I have this fragment of code that calculates the force experienced by each unique pair of particles due to a potential form. I am trying to parallelize the nested for loops, however, the output that is expected is different from the correct output. The code is :
for(ic = 0; ic < (N_TOTAL-1); ic++)
{
for (jc = ic+1; jc < N_TOTAL; jc++)
{
rc_x = X[ic]-X[jc];
rc_z = Z[ic]-Z[jc];
/* Minimum image convention */
if (fabs(rc_x) > LxScaled/2.0)
{
rc_x = rc_x - SignR (LxScaled, rc_x);
}
if (fabs(rc_z) > LzScaled/2.0)
{
rc_z = rc_z - SignR (LzScaled, rc_z);
}
rij = sqrt(rc_x * rc_x + rc_z * rc_z);
rr = rr + (rc_x * rc_x + rc_z * rc_z);
/* Compute Force : Yukawa potential*/
second = exp (-rij * Xi ) * ((1.0*(1.0))/rij);
third = (Xi+1.0/rij);
a = second * third;
a_x[ic] = a_x[ic] + (rc_x/rij)*a;
a_x[jc] = a_x[jc] - (rc_x/rij)*a;
a_z[ic] = a_z[ic] + (rc_z/rij)*a;
a_z[jc] = a_z[jc] - (rc_z/rij)*a;
uVal = second;
uSum = uSum + (second);
}
}
}
Here X[i] and Z[i] are the position and the a_x[i] and a_z[i] are the x and z components of the force experienced by the ith particle. I have an OpenMP version 4.0 thus I cannot use reduction clause for the 1D array a_x[] and a_z[]. Thus I intend to use #pragma omp atomic
caluse to avoid any race conditions. Thus i use this to parallelize as :
#pragma omp parallel for schedule(guided, 8) reduction(+:rr, uSum) default(shared) private(ic, jc, rc_x, rc_z, rij, uVal, second, third, a)

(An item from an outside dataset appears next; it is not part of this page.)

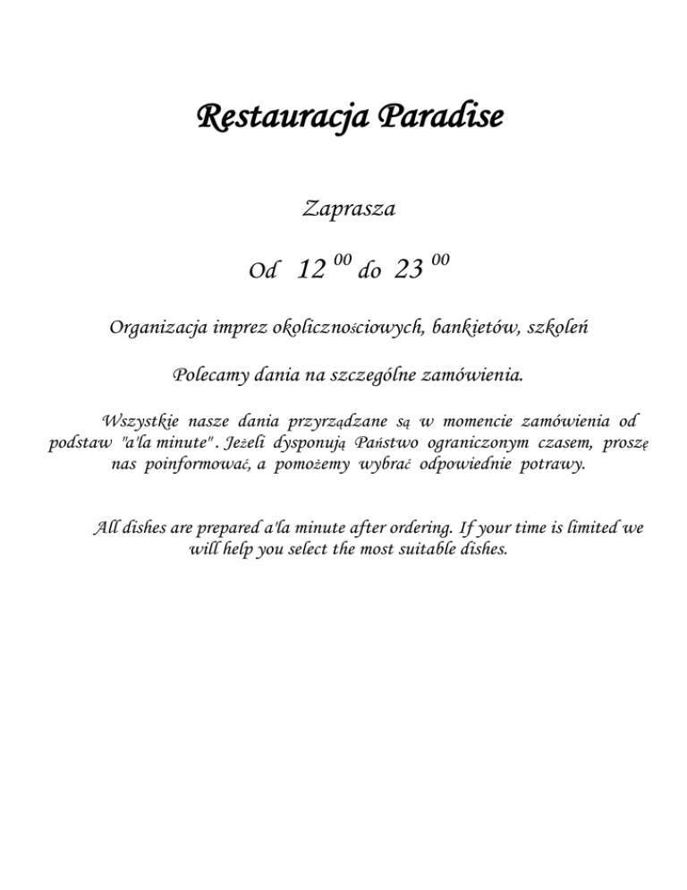 Restauracja Paradise Zaprasza Od 12 00 do 23 00 Organizacja imprez okolicznościowych, bankietów, szkoleń Polecamy dania na szczególne zamówienia. Wszystkie nasze dania przyrządzane są w momencie zamówienia od podstaw "a'la minute" . Jeżeli dysponują Państwo ograniczonym czasem, proszę nas poinformować, a pomożemy wybrać odpowiednie potrawy. All dishes are prepared a'la minute after ordering. If your time is limited we will help you select the most suitable dishes. Szef Kuchni poleca: 1. Polewka staropolska na serwatce z jagnięciną i kluseczkami scypionymi. 350 ml/50g 12 zł 2. Carpaccio z polędwicy wołowej z tartym oscypkiem i kaparami. 3. 4. 100g Aromatyzowany filet z kaczki pieczony na różowo podany z sosem figowym, sałatką ziemniaczaną i czerwoną kapustą. 24zł 40 zł Sernik na zimno z malinami i sorbetem z mango. 10 zł A może coś na zimno? 1. Tatar po polsku. 100 g/70g 21 zł 2. Śledź po japońsku groszkiem posypany. 100 g/70g 9 zł 3. Roladka z łososia wędzonego w asyście suszonych pomidorów i oliwek. 100 g 12zł 4. Śledzik klasyczny po węgiersku lub w śmietanie 100 g/50g 8 zł 5. Mozarella z pomidorami skropiona aromatyczną oliwą bazyliową i oprószona oregano. 120 g 14 zł Trochę cieplej. Camembert panierowany w bułce z orzechami na sałatce z marynowaną gruszką i żurawiną. 120 g 2. Oscypek grillowany z boczkiem na chrupiącej sałacie podany z emulsją malinowo – balsamiczną. 120 g 3. Rydze duszone na maśle z cebulką. 200g 1. 13 zł 14 zł 21zł Zupy ~ 300 ml ~ 1. Złocisty rosół z perliczki z makaronem. 7 zł 2. Barszcz czerwony z drożdżowym pierożkiem. 8 zł 3. Aromatyczna zupa z grzybów leśnych z kluseczkami drobiowymi. 12 zł 4.Zalewajka z ziemniakami i kiełbasą na zakwasie. 5 zł 5.Kołduny staropolskie w barszczu lub rosole. 8 zł 6. Zupa kokosowa z grillowanym łososiem aromatyzowana limonką. 14 zł ~ 400 ml ~ 7. Żurek staropolski na borowikach. 400 ml/ 50g 8. Tradycyjne flaczki wołowe. 9. Kwaśnica na wędzące z żeberkiem. 400 ml/ 100 g 9 zł 10 zł 12 zł Dania z jagnięciny i cielęciny. 1.Pieczona jagnięcina z warzywami podana z sosem tymiankowym. 140 g 2. Jagnięcina duszona w sosie słodko-kwaśnym. 3oo g 3.Cielęcina po polsku z kurkami duszonymi w śmietanie. 140g 4.Gulasz cielęcy z kaszą gryczaną. 200g/150g 30 zł 25 zł 20 zł 16 zł Dania z wołowiny. 1. Stek wołowy z tartym oscypkiem i dodatkiem chrzanu. 150g 3. Stek Szefa kuchni z jajkiem sadzonym i plastrem boczku. 150 g 3. Placek po staropolsku z gulaszem. 200 g/ 300 g 4. Pieczeń wołowa w sosie chrzanowo - musztardowym. 140 g 5. Stek wołowy po diabelsku na ostro. 150 g 42 zł 42zł 18 zł 20 zł 40 zł Dania z wieprzowiny. 1. Żeberka na plackach ziemniaczanych z tradycyjną kapustą zasmażaną z grzybami. 400 g 25 zł 2. Stek z karkówki z sosem tzatzyki. 150 g 16 zł 3. Schabowy panierowany. 150 g 10 zł 4. Polędwiczka wieprzowa z grilla na leśnym runie. 150 g 22 zł 4. Schab zapiekany z pieczarkami, serem żółtym, suszonymi pomidorami na miksie sałat. 150 g 20 zł 6. Eskalopki z polędwiczek z oscypkiem i szczypiorkiem. 150 g 20 zł 7. Golonka z warzywami w piwie duszona. wg 100g – 8 zł Dania z drobiu. 1. Filet z kurczaka grillowany z mozarellą i pomidorem. 150 g 2. Filet z kurczaka w chrupiącej panierce. 150 g 3. Filet grillowany w boczku z cebulką podany na ostrym sosie. 180 g 5. Pierś z kurczaka w cieście z pieczarkami i serem. 150g 5. Dewolay z masłem i pietruszką. 150 g 17 zł 10 zł 18 zł 15zł 12 zł Ryby. 1. Pstrąg smażony. wg 100 g - 8 zł 2. Filet z łososia grillowany na wachlarzu fasolki szparagowej. 150g 30 zł 3. Pstrąg gotowany w jarzynach. wg 100 g - 8 zł Makarony. 1. Tagietelle z rydzami i groszkiem cukrowym. 400g 18zł 2. Farfale z polędwiczką wieprzową w orientalnym sosie. 400g 16zł 3. Tagiatelle z łososiem. (łosoś, cebula, czosnek, papryka, sos śmietanowy) 400g 18zł Sałatki. 1. Sałatka z karczkiem lub polędwiczkami z kurczaka w sosie tysiąca wysp. 18 zł (mix sałat, pomidor, ogórek konserwowy, rzodkiewka) 2. Sałatka z chrupiącym kurczakiem, soczystą sałatą i dipem miodowo – majonezowym. 15 zł (mix sałat, oliwki zielone, ogórek konserwowy, kurczak panierowany) 3. Sałatka z dzikiego łososia. (mix sałat, łosoś, jajko, brokuł, oliwa truflowa, sos koperkowy) 19 zł 4. Sałatka Szefa Kuchni. (mix sałat, pieczarka, jajko, kurczak, pomidor, sos czosnkowy) 17 zł 5. Sałatka z dipem ananasowym i serem pleśniowym 15zł (mix sałat, pomidor, ogórek, czerwona cebula, sos śmietanowo ananasowy, grzanki, grillowany kurczak) Dania mączne. 1. Pierogi z mięsem i okrasą. 2. Pierogi z bryndzą. 4. Pierogi ruskie. 5. Pierogi Hrabiny Tyszkiewiczowej z kurkami i szynką. 6. Półmisek Szefa z sosem grzybowym. 10 sztuk 10 sztuk 10 sztuk 11 zł 11 zł 11 zł 10 sztuk 20 sztuk 15 zł 25 zł Dla dzieci. 1. Pomidorowa z ryżem lub makaronem. 250 ml 5 zł 2. Filecik malucha. 100 g 7 zł 3. Makaron z sosem bolognese. 200 g 12 zł 4. Paluszki z kurczaka. 120 g 10 zł 5. Pierożki z jagodami ( 6sztuk) 6 sztuk 8 zł 6. Sola w złocistej panierce. 100 g 8 zł 7. Naleśnik z polewą jagodową i gałką lodów. 1 sztuka 7 zł Desery. 1. Szarlotka na łożu jagodowym z gałką lodów i bitą śmietaną . 150 g 9 zł 2. Sernik wiedeński z konfiturą wiśniową. 150 g 9 zł 3. Lody z owocami i bitą śmietaną i listkiem świeżej mięty. 200g 10 zł 4. Naleśniki z musem truskawkowym w asyście lodów i bitej śmietany. 2 sztuki 10 zł 5. Lody w chrupiącej panierce, podane z nutką czekolady i bitej śmietany. 80g 10zł Dodatki do dań. Ziemniaki opiekane z sosem czosnkowym. 2. Frytki. 3. Ryż. 4. Puree ziemniaczane. 5. Warzywa gotowane. 6. Pieczywo. 7. Masło. 8. Chrzan. 9. Kapusta zasmażana. 10. Fasolka szparagowa na słodko lub klasycznie. 11. Kalafior w bułce. 12. Brokuły zapiekane pod beszamelem. 13. Surówka z białej kapusty. 14. Sałatka z czerwonej kapusty z aromatem octu winneg

for(ic = 0; ic < (N_TOTAL-1); ic++)
{
for (jc = ic+1; jc < N_TOTAL; jc++)
{
rc_x = X[ic]-X[jc];
rc_z = Z[ic]-Z[jc];
/* Minimum image convention */
if (fabs(rc_x) > LxScaled/2.0)
{
#pragma omp atomic
rc_x = rc_x - SignR (LxScaled, rc_x);
}
if (fabs(rc_z) > LzScaled/2.0)
{
#pragma omp atomic
rc_z = rc_z - SignR (LzScaled, rc_z);
}
rij = sqrt(rc_x * rc_x + rc_z * rc_z);
rr = rr + (rc_x * rc_x + rc_z * rc_z);
/* Compute Force : Yukawa potential*/
second = exp (-rij * Xi ) * ((1.0*(1.0))/rij);
third = (Xi+1.0/rij);
a = second * third;
#pragma omp atomic
a_x[ic] = a_x[ic] + (rc_x/rij)*a;
#pragma omp atomic
a_x[jc] = a_x[jc] - (rc_x/rij)*a;
#pragma omp atomic
a_z[ic] = a_z[ic] + (rc_z/rij)*a;
#pragma omp atomic
a_z[jc] = a_z[jc] - (rc_z/rij)*a;
uVal = second;
uSum = uSum + (second);
}
}
}
However I am not getting the correct output which is to be expected when the fragment of code is run in series. There are some deviation over time when the same force is computed over a longer period of time.
Where is the mistake that I am making, I try to use atomic update of force to eliminate any race condition that might occue. I am new to parallelization part and this is the 1t project I am trying to parallelize, Can anyon spot the mistake and point me in the right direction.
Edit: I also tried to reduce the two nested for loops into 1 however I am unable to procude the exact output as in serial.